> [What you are asked to do] Reproduce all of the records word for word, omitting the pictures.

> [Recorded information]
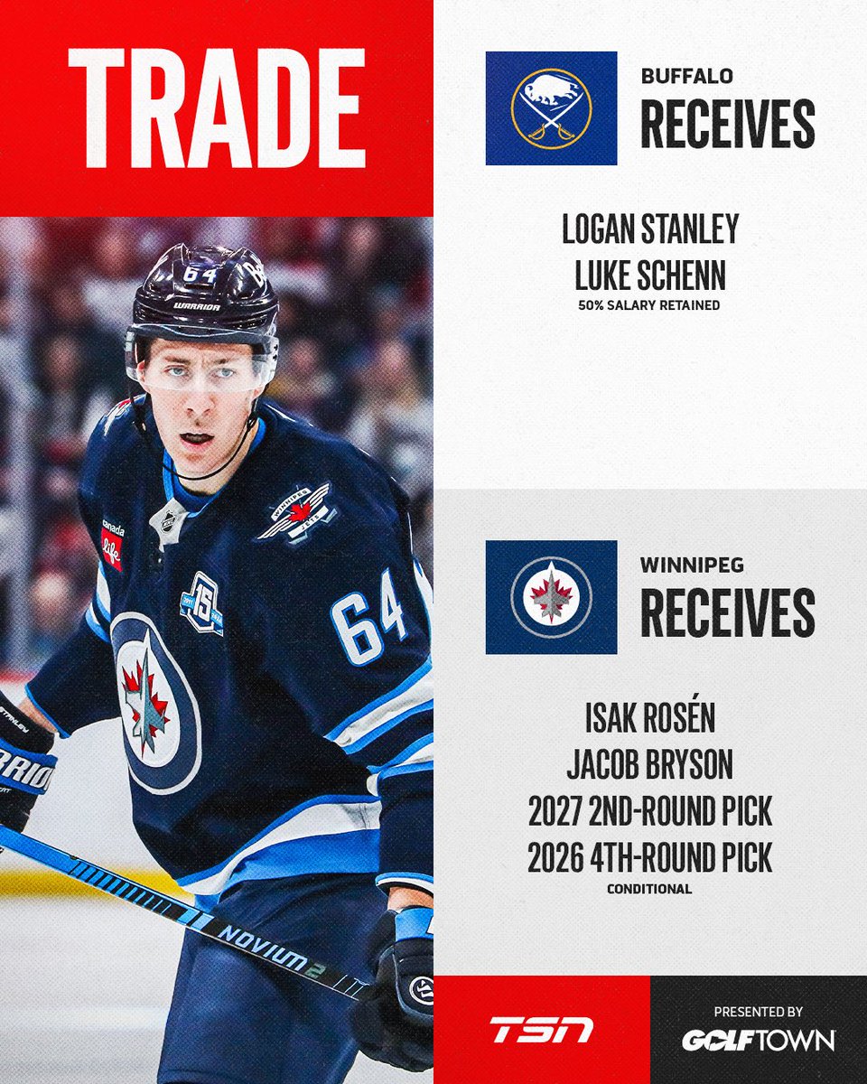 Buffalo on hankkinut Winnipeg Jetsistä puolustajat Luke Schennin ja Logan Stanleyn. Vastineeksi Buffalo antoi Winnipegille puolustaja Jacob Brysonin, hyökkääjä Isak Rosenin, 4. kierroksen varausvuoron tämän kesän varaustilaisuuteen sekä 2. kierroksen varausvuoron vuodelle 2027. Winnipeg pidättää puolet Schennin 2,75 miljoonan dollarin vuosipalkasta.
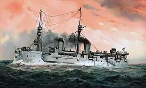 Following Diederichs's seizure of Jiaozhou Bay in November 1897, Deutschland, the protected cruiser Kaiserin Augusta, and the light cruisers Gefion and Cormoran reinforced the East Asia Cruiser Division. The arrival of the four ships allowed the division to be expanded to the East Asia Squadron.[17] Prince Heinrich, with his flag aboard Deutschland, departed Germany in December 1897 with Gefion; the two ships arrived in Hong Kong in March 1898. Prince Heinrich took the two ships on a tour of Asia, culminating in a state visit to Beijing in April.[18] While most of the Squadron went to the Philippines to safeguard German interests during the Spanish–American War in the summer of 1898, Deutschland, Gefion, and Irene remained in Chinese waters.[19] On 14 April 1899, Diederichs left the East Asia Squadron; command passed to Prince Henry and Deutschland became the Squadron flagship.[20]
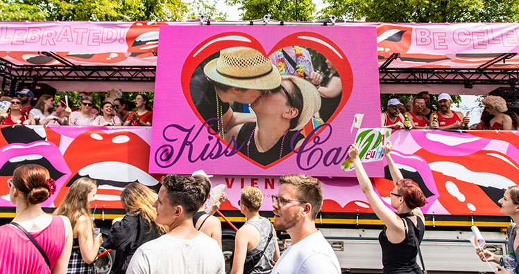 Nach den statischen Säulen möchten wir zeigen, dass LED-Wände auch mobil eingesetzt werden können. Ein besonders aufsehenerregendes Beispiel war die KISS-Cam, die Habegger Austria bei der Regenbogen-Parade im Einsatz hatte. Dort war die große LED-Wand auf einen Laster montiert und bewegte sich so durch die Menschen-Mengen. Daneben lief ein Kamerateam, das immer wieder küssende Pärchen filmte und auf die LED-Wand am Lastwagen übertrug. Das Beispiel zeigt, dass LED-Wände auch robust genug sind, um mobil transportiert zu werden und Hitze oder Regen zu trotzen.
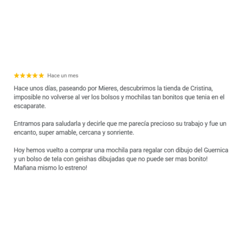 Pienso cada mochila y cada bolso con muchísimo mimo, utilizando materiales que vienen de pequeñas tiendas, porque creo firmemente en el poder del comercio de cercanía, en la importancia de apoyar a quienes trabajan con honestidad. Me gusta saber de dónde viene cada cosa y apoyar a quienes, como yo, luchan por sacar adelante su trabajo.
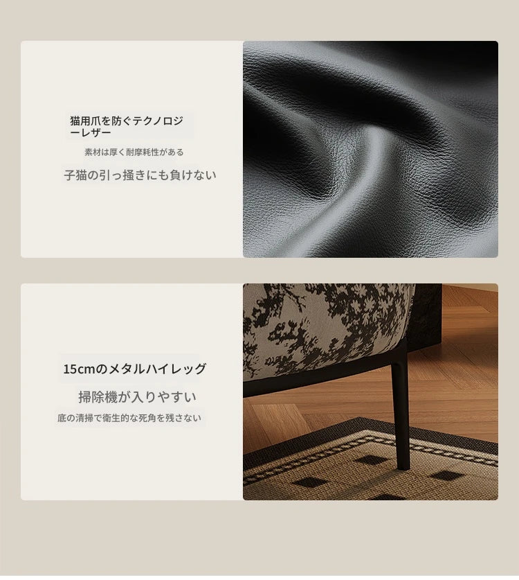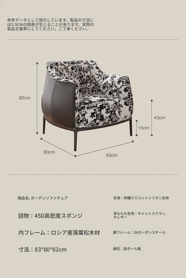商品特徴 | このスタイリッシュなチェアは、パイン材のフレームと炭素鋼の脚を使用しており、耐久性と安定性を兼ね備えたデザインです。お部屋のアクセントとして最適です。 ウレタンフォームで作られたクッションは、柔らかさと快適性を提供し、長時間座っていても疲れにくいので、リラックスタイムにぴったり。 エアレザーと綿麻のファブリックが組み合わさった表面は、見た目の美しさと使い心地を両立。お手入れも簡単で、日常使いにも安心です。 コンパクトなサイズ感で、限られたスペースにもぴったりフィット。リビングや書斎、寝室など、多用途に使える優秀なチェアです。 モダンなデザインがどんなインテリアにもマッチ。自宅の雰囲気を一新し、友人や家族を招待したくなる空間を演出します。 |

> [Written solution]
 Buffalo on hankkinut Winnipeg Jetsistä puolustajat Luke Schennin ja Logan Stanleyn. Vastineeksi Buffalo antoi Winnipegille puolustaja Jacob Brysonin, hyökkääjä Isak Rosenin, 4. kierroksen varausvuoron tämän kesän varaustilaisuuteen sekä 2. kierroksen varausvuoron vuodelle 2027. Winnipeg pidättää puolet Schennin 2,75 miljoonan dollarin vuosipalkasta.
 Following Diederichs's seizure of Jiaozhou Bay in November 1897, Deutschland, the protected cruiser Kaiserin Augusta, and the light cruisers Gefion and Cormoran reinforced the East Asia Cruiser Division. The arrival of the four ships allowed the division to be expanded to the East Asia Squadron.[17] Prince Heinrich, with his flag aboard Deutschland, departed Germany in December 1897 with Gefion; the two ships arrived in Hong Kong in March 1898. Prince Heinrich took the two ships on a tour of Asia, culminating in a state visit to Beijing in April.[18] While most of the Squadron went to the Philippines to safeguard German interests during the Spanish–American War in the summer of 1898, Deutschland, Gefion, and Irene remained in Chinese waters.[19] On 14 April 1899, Diederichs left the East Asia Squadron; command passed to Prince Henry and Deutschland became the Squadron flagship.[20]
 Nach den statischen Säulen möchten wir zeigen, dass LED-Wände auch mobil eingesetzt werden können. Ein besonders aufsehenerregendes Beispiel war die KISS-Cam, die Habegger Austria bei der Regenbogen-Parade im Einsatz hatte. Dort war die große LED-Wand auf einen Laster montiert und bewegte sich so durch die Menschen-Mengen. Daneben lief ein Kamerateam, das immer wieder küssende Pärchen filmte und auf die LED-Wand am Lastwagen übertrug. Das Beispiel zeigt, dass LED-Wände auch robust genug sind, um mobil transportiert zu werden und Hitze oder Regen zu trotzen.
 Pienso cada mochila y cada bolso con muchísimo mimo, utilizando materiales que vienen de pequeñas tiendas, porque creo firmemente en el poder del comercio de cercanía, en la importancia de apoyar a quienes trabajan con honestidad. Me gusta saber de dónde viene cada cosa y apoyar a quienes, como yo, luchan por sacar adelante su trabajo.
商品特徴 | このスタイリッシュなチェアは、パイン材のフレームと炭素鋼の脚を使用しており、耐久性と安定性を兼ね備えたデザインです。お部屋のアクセントとして最適です。 ウレタンフォームで作られたクッションは、柔らかさと快適性を提供し、長時間座っていても疲れにくいので、リラックスタイムにぴったり。 エアレザーと綿麻のファブリックが組み合わさった表面は、見た目の美しさと使い心地を両立。お手入れも簡単で、日常使いにも安心です。 コンパクトなサイズ感で、限られたスペースにもぴったりフィット。リビングや書斎、寝室など、多用途に使える優秀なチェアです。 モダンなデザインがどんなインテリアにもマッチ。自宅の雰囲気を一新し、友人や家族を招待したくなる空間を演出します。 |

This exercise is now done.